The lack of any other option stems from provisions of the code that prevent any legal action against a company facing insolvency proceedings. The homebuyers were rendered remediless, Ashwarya Sinha, the lawyer representing them, told BloombergQuint.
That’s because the National Company Law Appellate Tribunal, in another matter involving AMR Infrastructure, laid down that consumers don’t qualify as creditors under the insolvency code. Left with no remedy either before a consumer court or under the insolvency code, Jaypee Infratech’s homebuyers had filed a public interest litigation challenging the constitutionality of the code.
The Bankruptcy Board Fix
The insolvency application against Jaypee Infra led to critical decisions not just by the Supreme Court but also the Insolvency and Bankruptcy Board of India.
The board in August paved the way for a fourth category of “other creditors” to submit their claims.
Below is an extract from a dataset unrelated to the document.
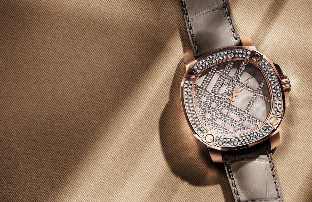 The iconic “Check” motif lining Burberry trench coats finds a new gold and diamond interpretation designed by Christopher Bailey, Chief Creative Officer and CEO of the British brand. A model made exclusively to order, The Britain Icon Check for Women reproduces this motif in a precious woven pattern hand-set on a mother-of-pearl dial. The diamonds magnify this design created in the 1920s, accentuated by the stones incrusted in double rows on the bezel. Entirely crafted in Switzerland, this exceptional model also embodies traditional watchmaking expertise with the brand-new automatic STP3-13 swan’s neck movement beating at its heart.

Till then, claims by only financial creditors (lenders), operational creditors (vendors) and workmen (employees) were accepted by the interim resolution professional.
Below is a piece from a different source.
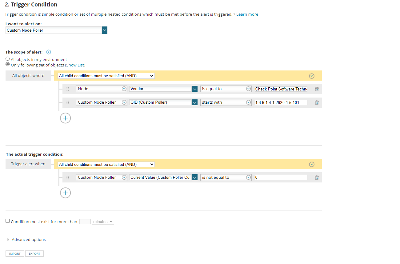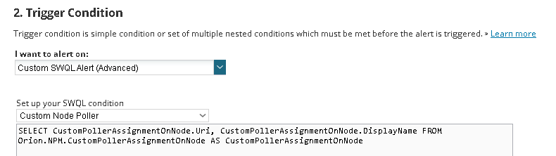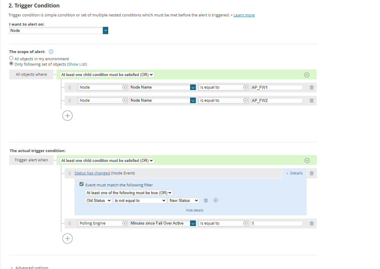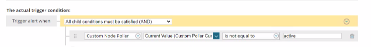 What you now need to do is identify the differences between the node in service and the one that isn't. So if Node 1 (for eg) shows a result of 0 for your HA OID and the failover has a different result, and on failing over those results change then you should then be able to use that result as a part of your trigger. We do a very similar thing for Fortinets, and it took me a while to get there but this is what we do:Setup your trigger condition as below. Once you select the two dropdowns as per the image, you'll get a bit of pre-built SWQL - a la:

This, however, does not improve the position of homebuyers, Gupta pointed out.
Till you change the substantive rights of “other creditors” within which homebuyers are currently bracketed or decide to put homebuyers in the category of financial creditors, the position does not change.Arjun Gupta, Head Of Insolvency Law Practice, Nishith Desai Associates
The substantive rights include, for instance, the right to receive proceeds on par with secured financial creditors in the event of liquidation.
In another change, the bankruptcy board last week notified an amendment - that the resolution plan must include a statement as to how it has dealt with the interests of all stakeholders, including financial and operational creditors.
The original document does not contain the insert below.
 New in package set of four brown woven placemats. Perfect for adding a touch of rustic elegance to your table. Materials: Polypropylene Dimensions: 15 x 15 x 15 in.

Roy of Lakshmikumaran & Sridharan said ‘stakeholders’ could apply to anybody who is affected by insolvency of a company.
It could mean the shareholders, creditors, workmen, homebuyers, consumers, etc. This is a welcome step since this would impart a sense of fiduciary duty towards all stakeholders, akin to the good faith duty of a director under the Companies Act.Abir Roy, Litigation Partner At Lakshmikumaran & Sridharan
The extent of the benefit to all stakeholders is, however, unclear. It remains to be seen what the impact of including this statement in the resolution plan will be, Roy added.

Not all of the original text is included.